The Null Device

Fair and balanced lexicography

After 9/11, gun-toting libertarian and rampaging egomaniac hacker Eric S. Raymond, who maintains the Jargon File fell in with the neo-conservative warbloggers; and now, he's taking the Jargon File along for the ride. The latest edition has entries for bullethead coinages such as "anti-idiotarianism" and "fisking"; and the definition of "hacker politics" has been revised to "Formerly vaguely liberal-moderate, more recently moderate-to-neoconservative", with the proviso that "hackers too were affected by the collapse of socialism".
blogosphere (n): The totality of all blogs. A culture heavily overlapping with but not coincident with hackerdom; a few of its key coinages (blogrolling, fisking, anti-idiotarianism) are recorded in this lexicon for flavor. Bloggers often divide themselves into warbloggers and techbloggers. The techbloggers write about technology and technology policy, while the warbloggers are more politically focused and tend to be preoccupied with U.S. and world response to the post-9/11 war against terrorism.

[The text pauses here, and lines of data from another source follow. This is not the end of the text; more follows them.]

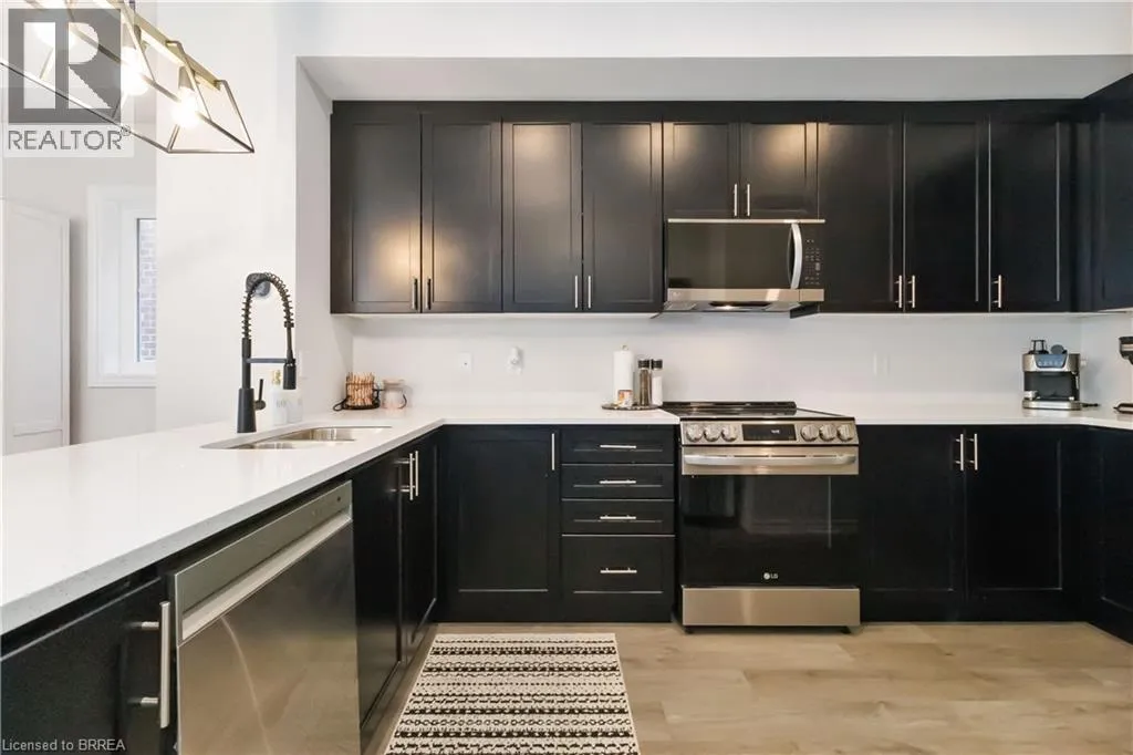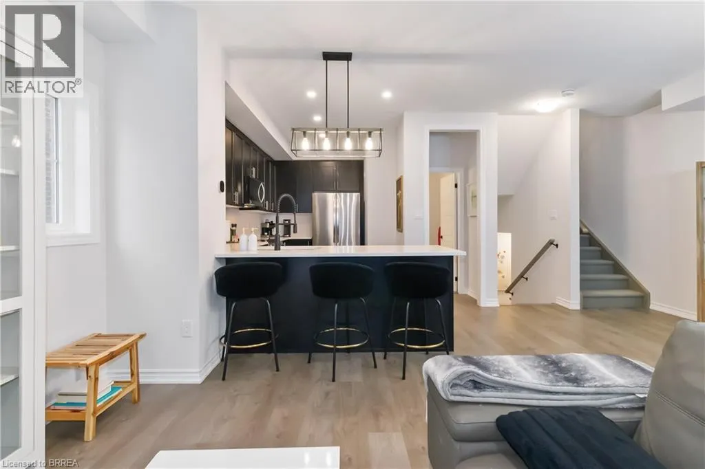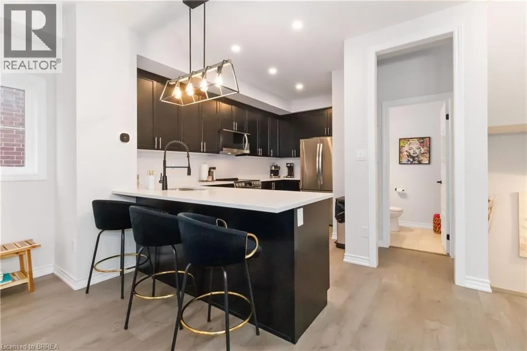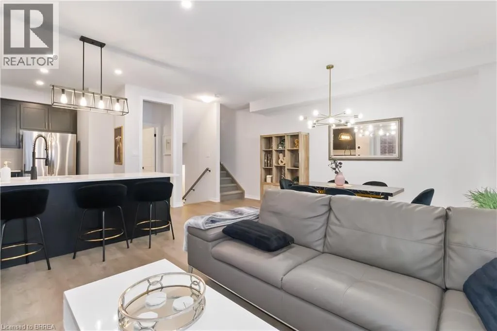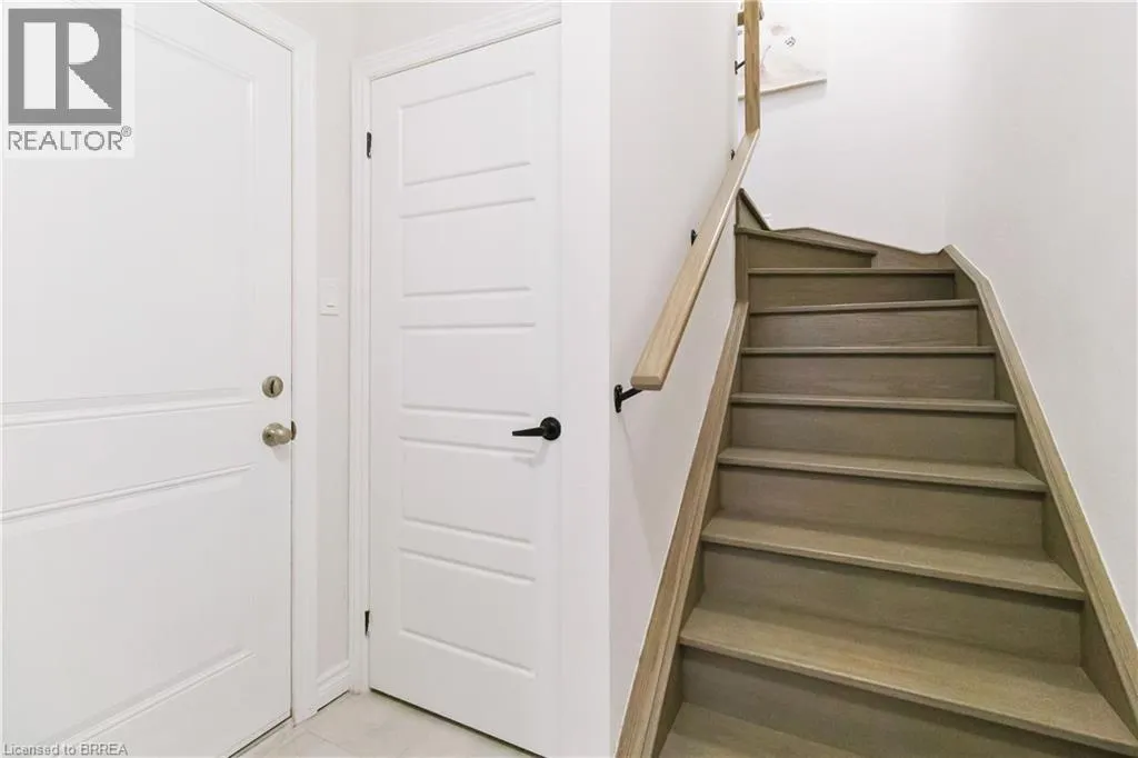 Travelling east on Powerline Road, turn right onto Park Road N. Welcome to this beautifully upgraded end-unit townhome in Brantfordâs highly sought-after North End. Offering one of the largest floor plans in the complex, this home features a bright foyer leading to a spacious open-concept main level with seamless living, dining, and kitchen areasâperfect for everyday living and entertaining. The modern kitchen boasts granite countertops, stainless steel appliances, and a large peninsula with seating. Step out through the garden door to a fully covered balcony, ideal for year-round enjoyment. A convenient powder room completes the main floor. Upstairs, youâll find three generous bedrooms, including a primary suite with walk-in closet and private ensuite, plus an additional full bath and second-floor laundry. Ideally located close to schools, parks, shopping, and amenities, with a new park currently being developed behind the property. A move-in-ready home offering space, comfort, and an excellent North End location. (id:27476)
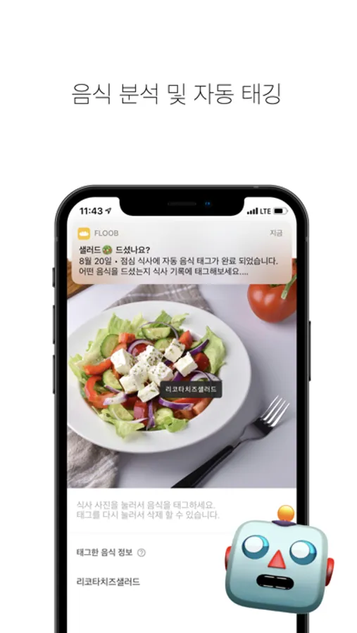 ・ 자동 음식 태그를 사용해서 음식 정보 분석 및 자동 관리 서비스를 받을 수 있습니다.
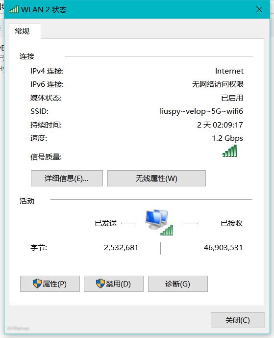 ▼首先是理论的连接速率,由于AX200网卡是支持2*2 MU-MIMO。因此可以看到在80Mhz下连接wifi6网络的速率已经达到了理论的1.2G。比较遗憾的是Velop MX5300不支持160Mhz下的工作模式,因此也就无法达到2.4G的连接速度了。
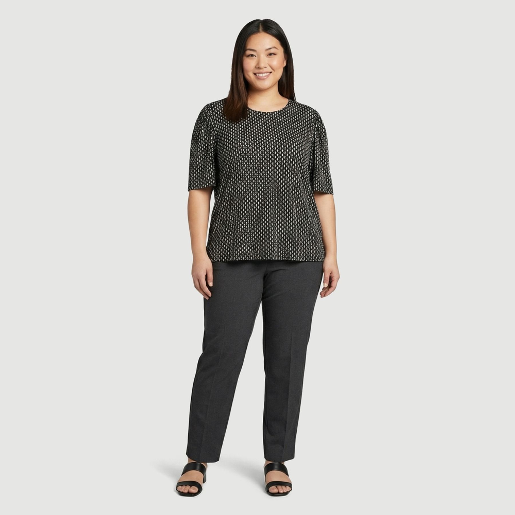 A estampa geométrica miúda em preto e branco (all over), com formas tipo losangos/ovais, combina bem com calças, saias e shorts lisos, criando produções versáteis.

Ah yes, the "blogging was born on 9/11" myth. (via NtK)

There are 12 comments on "Fair and balanced lexicography":

Posted by: Graham http://grudnuk.com/ Tue Jun 10 01:48:36 2003

Wot no britneyblogs? ESR is a tool.

Posted by: acb http://dev.null.org Tue Jun 10 03:11:14 2003

Aren't most britneyblogs these days LiveJournals?

Posted by: mark Tue Jun 10 03:59:21 2003

They're still considered part of the 'blogosphere.

And warblogs are quite different from politblogs. Ken Parish's 'blog, for example, is *not* a warblog. It's not even limited to right-wingers: the rightie Scott Wickstein, for example, is much too smart to be running a warblog, even though he only talks about politics.

And then there's people like you and Graham who 'blog on a mixture, so would I if I could get my fuckin' domain name working, so do a great many people.

Posted by: acb http://dev.null.org Tue Jun 10 04:08:26 2003

Are LiveJournals part of the blogosphere, even if their content is predominantly about who said what to whom and the only people who read them are the owner's friends from the high school cafeteria or goth club?

Posted by: Ben http://rocknerd.org Tue Jun 10 06:25:49 2003

Re Livejournal: don't forget the owner's friends from Uni and people they say hello to at indie gigs. They're an important part of the readership demographic too.

Posted by: acb http://dev.null.org Tue Jun 10 07:09:37 2003

ah yes, them too.

The point is that LiveJournals (or DeadJournals, their more angsty equivalents) are virtually a separate memepool, and memes seldom make the jump out of them to the blogosphere. LiveJournals tend to be also comprised of long entries recounting details of the writer's personal life/thoughts/crushes/&c, which typically doesn't travel well outside their friends' immediate community; especially since there are so many strangers to choose from out there.

Posted by: Graham http://grudnuk.com/ Tue Jun 10 07:51:11 2003

Nice thesis, but... http://jwz.livejournal.com/

Posted by: acb http://dev.null.org Tue Jun 10 08:23:01 2003

He's using it as a blog. I wonder if he's doing so out of sheer contrarianism.

The demographic impression I got of LiveJournal was that (a) the vast majority of users were teenaged girls, and (b) of those who weren't, most of them were goths.

Posted by: Graham http://grudnuk.com/ Tue Jun 10 15:09:43 2003

I know, I know. Plus I think the proprietors of Livejournal tend to play up their separation from the blogosphere. Whereas pitas.com, whom I seem to recall predate Blogger, suffer from no such pretentions about "not being weblogs", even though they probably have much of the same demog as Livejournal, perhaps with a more indiekid flavour.

Posted by: acb http://dev.null.org Tue Jun 10 15:37:16 2003

Are Pitas still around? Haven't heard much from them lately.

Posted by: mark Thu Jun 12 00:32:00 2003

True, Andrew, but I've seen a few livejournals make the jump to 'blogginess (mostly, I admit, young women (tho usually older than teenaged) who've decided regularly ranting on politics is only marginally less interesting than their cats)

Posted by: Graham http://grudnuk.com/ Thu Jun 12 01:47:49 2003

Hmm. I wonder how many livejournals are kept by cat-hoarders.